**Aim of the task:** Output the first line below and each one after it, exactly, up to and including the line holding "Играет на Counter". Pictures should not be copied.

**Given information:**
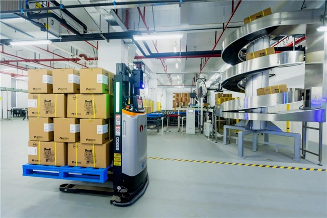 在葫芦娃药业美安儿童智能制造基地,一条条自动化生产线高速运转,智能化机械手臂上下挥舞,一辆辆AGV智能运输小车来回穿梭。
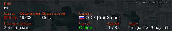 Играет на Counter Strike 1.6 сервере. Страна: РоссияПервый раз замечен 07:30 20.09.2023
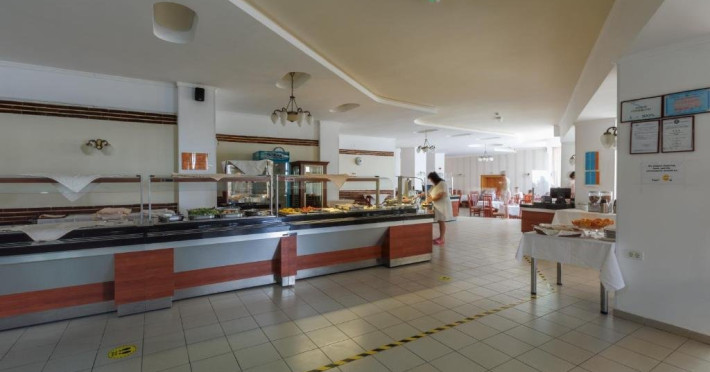 SERVICII MASA Se acorda in unitatea Restaurant Amiral categoria I, micul dejun in sistem bufet suedez; pranzul si cina se servesc in sistem fisa cont- linie de autoservire sau Restaurant Comandor in sistem fisa cont- a la carte. Micul dejun se organizeaza in regim bufet pentru un minim de 30 de persoane inscrise. Daca sunt mai putin de 30 de persoane inscrise, clientii vor servi micul dejun in regim a la carte. Produsele oferite la micul dejun se vor consuma doar in incinta restaurantului, fiind interzisa scoaterea produselor din salonul restaurantului.
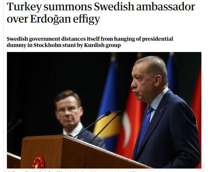 İngiliz Guardian gazetesi “Türkiye, Erdoğan büstü için İsveç büyükelçisini çağırdı” başlığıyla duyurduğu haberde İsveç ve Türkiye’den gelen açıklamalara yer verdi. İsveç’teki görüntünün iki ülke arasındaki gerilimi alevlendirdiği belirtilirken, İsveç’ten gelen açıklamaların Türkiye için “yatıştırıcı” olmadığı ifade edildi.

**Response to the exercise:**
 在葫芦娃药业美安儿童智能制造基地,一条条自动化生产线高速运转,智能化机械手臂上下挥舞,一辆辆AGV智能运输小车来回穿梭。
 Играет на Counter Strike 1.6 сервере. Страна: РоссияПервый раз замечен 07:30 20.09.2023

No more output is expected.